Reviews · JUNE 10, 2026
Microsoft ships seven MAI models, with MAI-Thinking-1 at 53% on SWE-Bench Pro and zero distillation
At Build 2026 in San Francisco, Microsoft AI unveiled a seven-model in-house family — led by a 35B-active-parameter MoE reasoning flagship trained from scratch — and put first-party silicon, GitHub Copilot defaults, and a Sonnet 4.6 preference claim on the line.
Microsoft AI used its Build 2026 keynote in San Francisco on June 2 to ship seven in-house MAI models at once, headlined by MAI-Thinking-1, a 35-billion-active-parameter sparse Mixture-of-Experts reasoning model with a 256K context window that the company says was trained from scratch, no distillation from a frontier partner involved. The framing is what matters. After $13 billion into OpenAI and $5 billion into Anthropic, Microsoft is now publicly arguing it can build alongside its suppliers rather than only on top of them.

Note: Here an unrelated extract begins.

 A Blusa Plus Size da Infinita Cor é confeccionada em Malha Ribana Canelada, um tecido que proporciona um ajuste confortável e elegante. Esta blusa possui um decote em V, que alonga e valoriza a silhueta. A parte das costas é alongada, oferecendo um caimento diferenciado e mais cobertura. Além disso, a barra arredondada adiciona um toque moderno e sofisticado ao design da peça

"We believe the time has come for every company to just move from consuming a frontier model to fully participating at the frontier," Satya Nadella said onstage. The line landed the day after Anthropic confidentially filed for IPO, and it's hard to read as anything other than a portfolio-wide hedge being made legible to investors.

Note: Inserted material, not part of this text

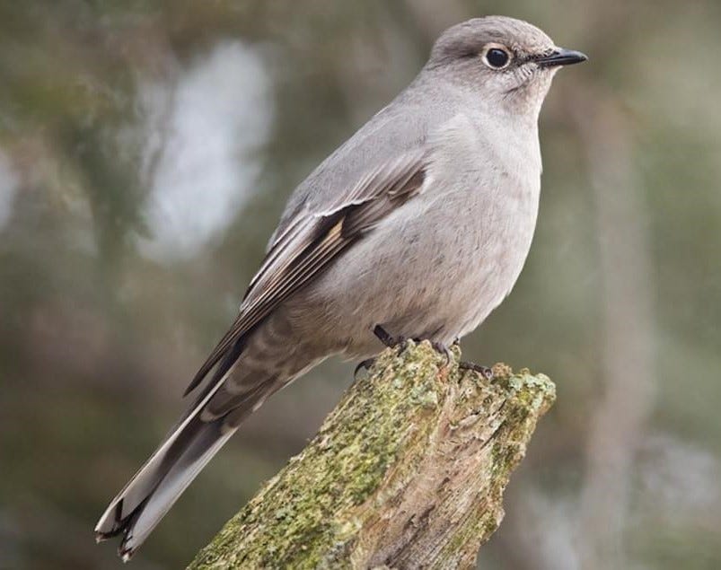 A bird of western-mountain forests, the Townsend’s Solitaire is a slender songbird mid-way in size between the showy bluebirds and red-breasted robins that are its close relatives in the thrush family. Its quiet, grayish plumage is complemented by striking white eye-rings, buffy wing patches, and outer white tail feathers that flash when the bird takes flight.

The numbers Microsoft put on the board are the kind that get cited later. MAI-Thinking-1 posts 97.0% on AIME 2025, 94.5% on AIME 2026, and 53% on SWE-Bench Pro, which the keynote placed "right alongside Opus 4.6." On a blind side-by-side human evaluation across 1,276 single- and multi-turn tasks scored by Surge raters, Microsoft claims the model is preferred over Claude Sonnet 4.6.
Underneath the flagship, the family does the unglamorous work. MAI-Code-1-Flash, at 5 billion active parameters and 51% on SWE-Bench Pro, ships today as the default model in VS Code and the GitHub Copilot CLI. GitHub COO Kyle Daigle described it as "inference ultra-efficient," and CNBC called it Microsoft's "inaugural" model translating natural-language descriptions into source code. MAI-Image-2.5 and its Flash variant sit at #2 on the Arena image-edit leaderboard with a 1403±9 score, narrowly above Gemini 3 Pro Image Preview 2K (1388±3) and Gemini 3.1 Flash Image Preview / Nano Banana 2 (1389±4). MAI-Transcribe-1.5 leads in WER on 18 of 43 FLEURS languages, outperforming GPT-4o-Transcribe, Scribe v2, and Gemini 3.1 Flash Lite. MAI-Voice-2 covers 15 languages with watermarked outputs; MAI-Voice-2-Flash was announced but isn't shipping yet.
The silicon claim is where the strategy stops being abstract. Microsoft says MAI-Thinking-1 runs at a 1.4× performance-per-watt gain on its first-party Maia 200 versus NVIDIA's GB200, a figure separate from the 30% improvement Nadella cited earlier in the keynote. MAI-Thinking-1 is in private preview on Microsoft Foundry and routed through OpenRouter, Fireworks, and Baseten.
The arc here rhymes with Amazon's 2018 pivot from selling AWS compute to Anthropic and others toward Trainium and its own Titan models: invest in the suppliers, learn the workload, then build the substrate underneath them. Microsoft has now started the same maneuver in public, with benchmarks attached.